Look again at the difference: “ the power of the media ’’ this is just a topic/subject/ issue “ A free press is essential so that the truth can be told. ” notice that this gives a specific idea ABOUT the power of the media
Ready for a quiz? By now you should be able to tell the difference between a real theme statement and one which is really about plot or subject, even if it says “theme.” Some of these “real” theme statements are not necessarily brilliant, but they are, at least, attitudes about the subjects, not merely subjects.
Try these sample quiz questions. Statement Subject Plot Theme The theme is love._______________ The theme is the quest for self-knowledge in a confusing world. _______________ Beauty is in the eye of the beholder. _______________ The theme is that she tried to recapture the past and failed. _______________ A crisis can bring out the best in some people and the worst in others. _______________ You can’t recapture the past. _______________ The theme of the movie is that even though he betrayed his brother, the brother forgave him. _______________ The theme is good versus evil. _______________ The theme is revenge. _______________
“The theme is love.” No; this is only a subject. No single word can ever be a theme.

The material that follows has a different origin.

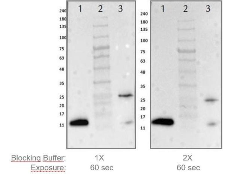Other: Optimum performance is achieved using this product undiluted. However, this blocking solution can often be diluted 1:1 in TBS without a significant loss of performance.

“The theme is the quest for self-knowledge in a confusing world.” This could be plot (because of the word “quest”) or subject, but definitely not theme. There is no attitude expressed to that quest. It is too neutral.
“Beauty is in the eye of the beholder.” Yes, this is a theme. It’s a cliché, but it does express a particular generalization about beauty, that it is subjective. There is a real idea here ABOUT beauty.
“The theme is that she tried to recapture the past and failed.” This is merely plot!
“The theme is good versus evil.” Absolutely not.. This is only a subject or topic or, if you prefer, an issue. But there is no idea expressed ABOUT good and evil, so it is not a theme statement.
“The theme of the movie is that even though he betrayed his brother, the brother forgave him.” Whoops -- this one is only a statement about plot.
“You can’t recapture the past.” This one isn’t brilliant, and the diction is too informal for most essays, but it does express an idea, a generalization, ABOUT the past; so yes, it is a theme.
“A crisis can bring out the best in some people and the worst in others.” Definitely a theme... Something is being said ABOUT the effects of a crisis on people.
“The theme is revenge.” “Revenge” is only a subject, not a theme. Are you ready for a real quiz now? Can you write confidently about themes in literature?